Old Town panel to go back to drawing board



Old Town Preservation Board members Cathy Fulton, left, and Patt Coeckelenbergh speak to the Port Aransas City Council and city staff on Thursday, Oct. 20. Staff photo by Kathryn Cargo

Old Town Preservation Board members Cathy Fulton, left, and Patt Coeckelenbergh speak to the Port Aransas City Council and city staff on Thursday, Oct. 20. Staff photo by Kathryn Cargo

During its regular meeting Thursday, Oct. 20, the Port Aransas City Council decided to not take action on a final report of regulation recommendations for Old Town presented by the Old Town Preservation Advisory Board.

Instead, the city’s governing body voted to direct the board to bring a different report back to council in November. That report would include a request to continue meeting after seeking direction from the Port Aransas Preservation & Historical Association.

“Before we make any decisions about 10 more meetings or anything like that, I think you guys need to come back and say, ‘We’re working with this group. We have some different ideas. We know what our goal is. Now we know what our mission is. Will you allow us to reboot?’” Mayor Wendy Moore said.

During its last meeting Tuesday, Sept. 28, the Old Town board approved a final report of regulation recommendations and an Old Town boundary for the City Council to consider. The proposed regulations addressed height restrictions for new construction, short-term rental occupancy, permeable surface and parking. (See story in Oct. 20 edition for more.)

Old Town Preservation Advisory Board members Patt Coeckelenbergh, left, and Cathy Fulton, talk to the Port Aransas City Council during a council meeting Thursday, Oct. 20. Staff photo by Kathryn Cargo

Old Town Preservation Advisory Board members Patt Coeckelenbergh, left, and Cathy Fulton, talk to the Port Aransas City Council during a council meeting Thursday, Oct. 20. Staff photo by Kathryn Cargo

Before the vote, Patt Coeckelenbergh, co-chair of the board, requested that the council table the board’s final report to allow the board to meet once more and make changes. She said she and other board members were under the impression the board would meet one more time and be able to review the final report in writing before the report went to the council’s October meeting.

“As a volunteer, what I would like to present to you is something that we can be proud of. I’m not proud of what this is,” Coeckelenbergh told the council. “We were expecting to be able to meet the second Tuesday at 3 o’clock. And at that point, we were going to revise what Mr. Adams brought back.”
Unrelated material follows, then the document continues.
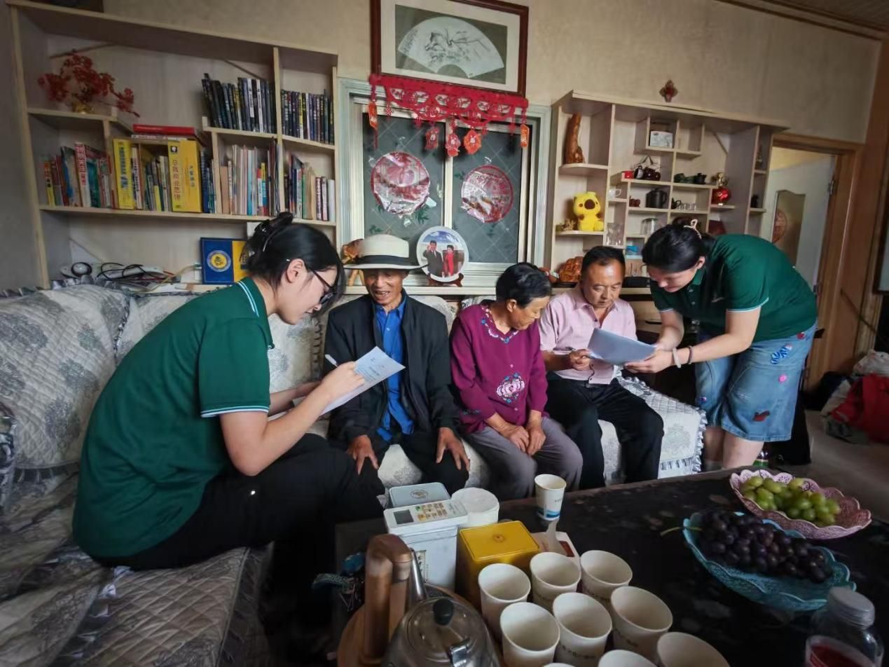 圖為王曉娜等人向村民發放調查問卷了解當地普通話使用現狀。王夢語 攝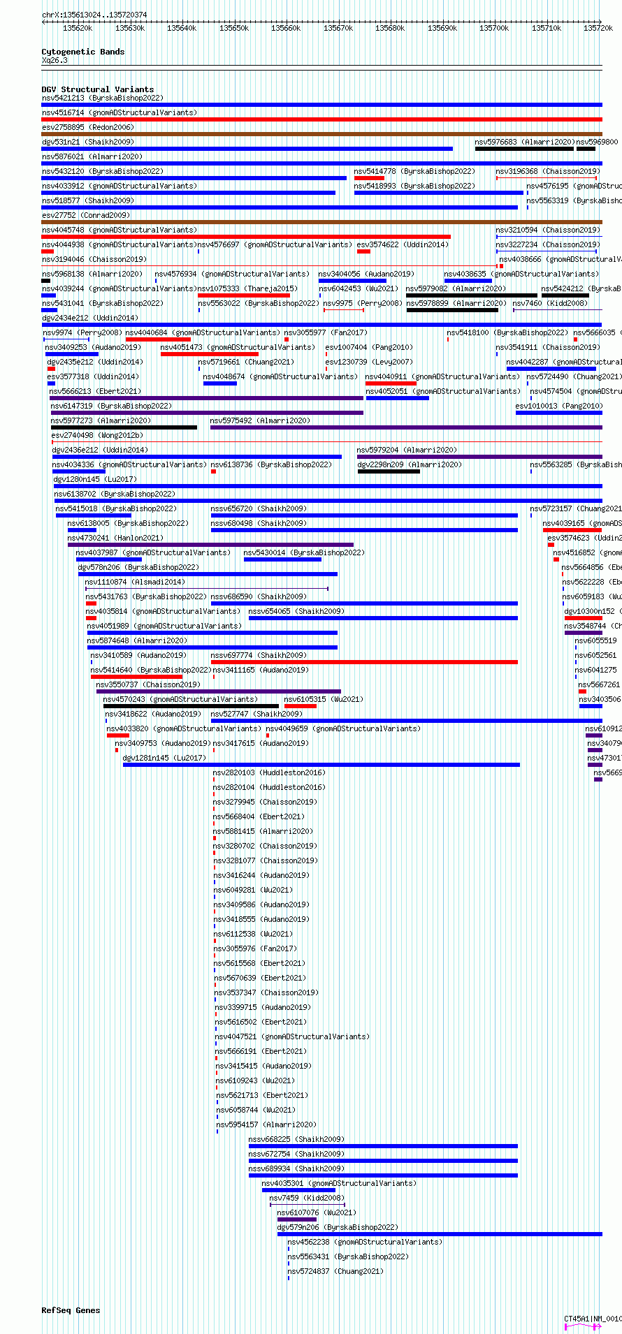 Variant DetailsVariant: dgv2434e212| Internal ID | 22785361 | | Landmark | | | Location Information | | | Cytoband | Xq26.3 | | Allele length | | Assembly | Allele length | | hg38 | 107351 | | hg19 | 126979 |

Rick Adams, Development Services director, said he submitted the final report to go to council because the board voted to proceed with the final report.

“I scribed exactly what they asked,” Adams said. “That was a final report. It was emailed out along with the boundary map to all the members.”

Coeckelenbergh and Cathy Fulton, another board member, told council they wanted to review the regulation recommendation that would add a height limit of 32 feet for new construction or encourage the use of “bulk plane” construction techniques.

City Manager David Parsons said the height regulation recommendation, or any recommendation that calls for changes to the city’s chapter 25 zoning ordinance, would go before the planning and zoning committee, as per state law, before being reviewed by council.

“It would be p and z that would come up with all the do’s and don’ts of how the bulk plane would be administered and codified. Not this committee,” Parsons said.

Councilwoman Jo Ellyn Krueger said some of the recommendations, such as the ones proposing regulations for permeable surfaces and short-term rentals, shouldn’t be in the board’s final report because those kinds of requirements would need to apply to the entire city.

“So they were trying to set an Old Town boundary, and they were told they needed restrictions in there,” she said. “They were trying to set a boundary so they could do some historic work in within that boundary. So it just kind of got off track.”

One of the initiatives of the board is to encourage homeowners of houses at least 50 years old to look into applying to have their home placed on the National Register of Historic Places. Fulton said the board never had a chance to get to the “heart” of the discussion on how to get the word out about the National Register. (See story in Oct. 12 edition for more.)

Coeckelenbergh read part of the city charter to council that states boards, commissions and committees created by the council will elect a chairman, who would call when the group would meet. Parsons responded saying that the Old Town board is an ad-hoc board and not enumerated in the city charter like the planning and zoning commission.

“So they are not like a structured board … that’s listed in the charter,” he said. “They are an ad-hoc committee, that is tenured by the City Council. They do not make their own rules.”

Parsons said the Port Aransas Preservation & Historical Association should be involved with and leading the Old Town board. No PAPHA members are on the advisory board.

“These items that are on here that they’ve come up with, this is not preservation, this is more STR regulations,” Parsons said. “It makes no sense that PAPHA isn’t the one taking the lead on this.”